Faculty of Dentistry, National University of Singapore, Singapore, Singapore.
Department of Mechanical Engineering, National University of Singapore, Singapore, Singapore.
Tissue Eng Part B Rev. 2022 Aug;28(4):926-937. doi: 10.1089/ten.TEB.2021.0140. Epub 2022 Jan 5.

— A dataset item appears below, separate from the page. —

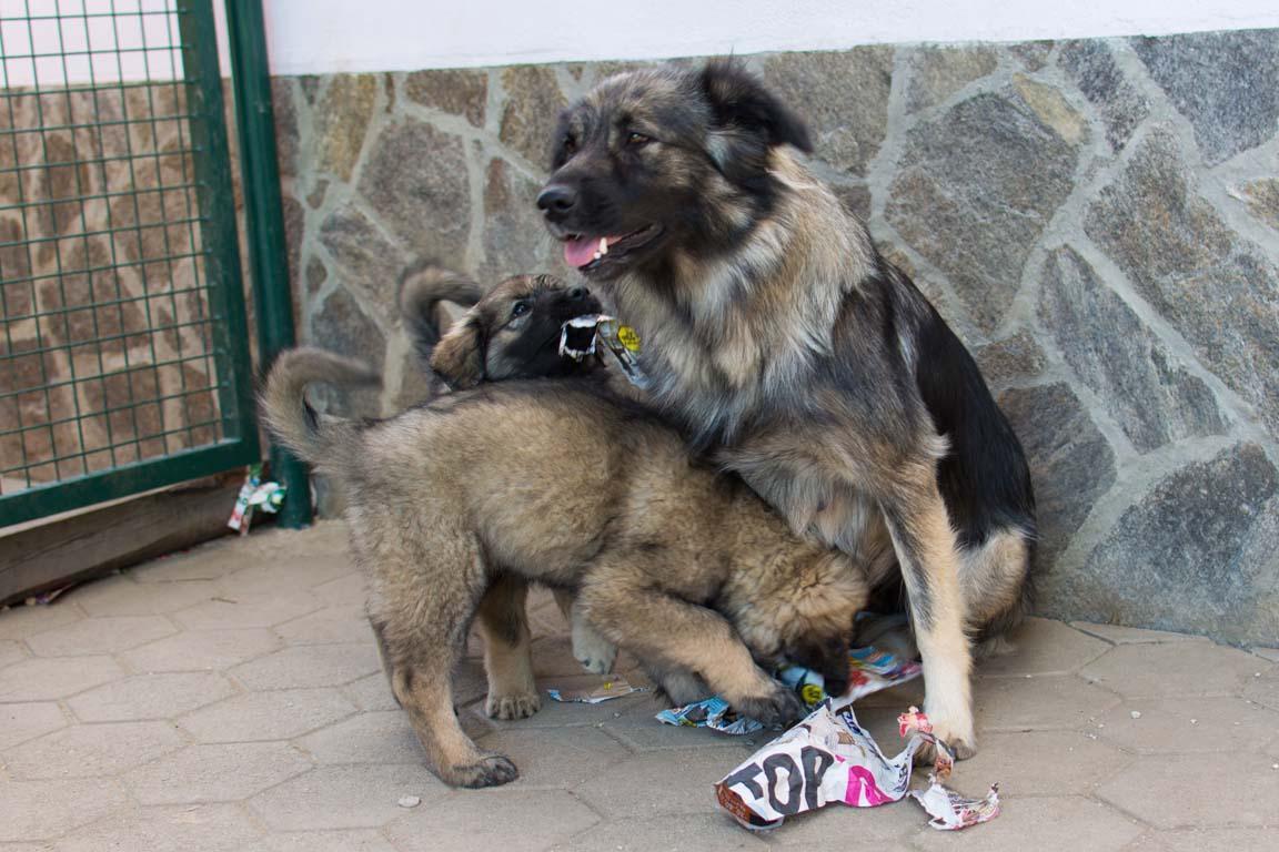 svojih rožnih gredicah. In sosedove punce, ki so že v tistih letih, ko se tudi za doma oblečejo zelo lepo, so izkusile pasje tačke kot šivanke ostre zobke na vsakem centimetru najljubših hlač in cukanje za lase. Sladke male porednosti! Priznam, uživali smo prav vsak trenutek z njimi, in solze, ko so zapuščali dom, so bile preprosto neizogibne. Da denar človeka ne osreči, pes pa, je bilo zelo jasno, ko so se družine odpeljale pasjim dogodivščinam naproti. Morda res z nekaj sto evri manj v denarnici, a tako zelo srečne! Ko so po nekaj dneh začele prihajati fotografije, so žarele od navdušenja. Seveda so bile pospremljene s pripisi »spi z nami – v pesjaku je tako žalostna; domači mački že prvi dan pokaže, da je zdaj nov šef pri hiši; navihanka je trikrat pobegnila k sosedom; najraje grize rododendrome; raje kot brikete ima meso«. Nasmejali smo se do solz! Enake porednosti smo spremljali tudi doma, saj sta Lina in Luna ostali z nami še mesec dni dlje kot drugi mladički in, sodeč po Jeninem navdušenju, so bili to za vse najlepši trenutki. Tako razigrane in nagajive mamice res ne vidiš vsak dan. Naša trava je dobila še nove luknje, ukradene otroške igrače so postale priročna žrtev ne le za majhne pasje zobke, temveč tudi za veliko, močno čeljust naše lepotice, malček pa je bil tolikokrat prevrnjen, poskakan in poljubčkan, da smo že prvi dan nehali šteti. [members_only] Že res, da so vsakodnevni sprehodi in izleti postali za odtenek ali dva bolj naporni –

The role of angiogenesis in health and disease have gained considerable momentum in recent years. Visualizing angiogenic patterns and associated events of surrounding vascular beds in response to therapeutic and laboratory-grade biomolecules has become a commonplace in regenerative medicine and the biosciences. To achieve high-quality imaging for elucidating the molecular mechanisms of angiogenesis, the two-photon excitation fluorescence (2PEF) microscopy, or multiphoton fluorescence microscopy is increasingly utilized in scientific investigations. The 2PEF microscope confers several distinct imaging advantages over other fluorescence excitation microscopy techniques-for the observation of in-depth, three-dimensional vascularity in a variety of tissue formats, including fixed tissue specimens and vasculature in live specimens. Understanding morphological and subcellular changes that occur in cells and tissues during angiogenesis will provide insights to behavioral responses in diseased states, advance the engineering of physiologically relevant tissue models, and provide biochemical clues for the design of therapeutic strategies. We review the applicability and limitations of the 2PEF microscope on the biophysical and molecular-level signatures of angiogenesis in various tissue models. Imaging techniques and strategies for best practices in 2PEF microscopy will be reviewed. Impact Statement Deep live tissue imaging provides unique opportunities to study angiogenesis and associated events in real-time. In contrast to cross-sectional data provided by conventional methods, two-photon microscopy enables high-resolution tissue imaging, data acquisition over time, real-time visualization of angiogenic events, and reduces the number of animal models used in scientific research. This review provides insights on different two-photon microscopy methods and its application in live and deep tissue imaging of angiogenesis on and tissues. We believe that the current trends in imaging can transform the investigation of angiogenesis, cancer research, and biofabrication of vascularized tissues.
近年来,血管生成在健康和疾病中的作用备受关注。可视化治疗和实验室级生物分子引起的血管床的血管生成模式和相关事件,已成为再生医学和生物科学中的常见做法。为了实现阐明血管生成分子机制的高质量成像,双光子激发荧光(2PEF)显微镜或多光子荧光显微镜在科学研究中越来越多地被应用。与其他荧光激发显微镜技术相比,2PEF 显微镜具有几个独特的成像优势——可用于观察各种组织形式(包括固定组织标本和活体标本中的血管)的深层三维血管结构。了解血管生成过程中细胞和组织发生的形态和亚细胞变化,将为了解疾病状态下的行为反应提供线索,推进生理相关组织模型的工程设计,并为治疗策略的设计提供生化线索。我们回顾了 2PEF 显微镜在各种组织模型中的血管生成的生物物理和分子水平特征的适用性和局限性。将回顾 2PEF 显微镜的最佳实践成像技术和策略。影响陈述 深层活体组织成像为实时研究血管生成和相关事件提供了独特的机会。与传统方法提供的横截面数据相比,双光子显微镜能够实现高分辨率组织成像、随时间采集数据、实时可视化血管生成事件,并减少在科学研究中使用的动物模型数量。本综述介绍了不同的双光子显微镜方法及其在 和 组织的血管生成的活体和深层组织成像中的应用。我们相信,目前成像技术的发展趋势可以改变血管生成、癌症研究和血管化组织生物制造的研究方式。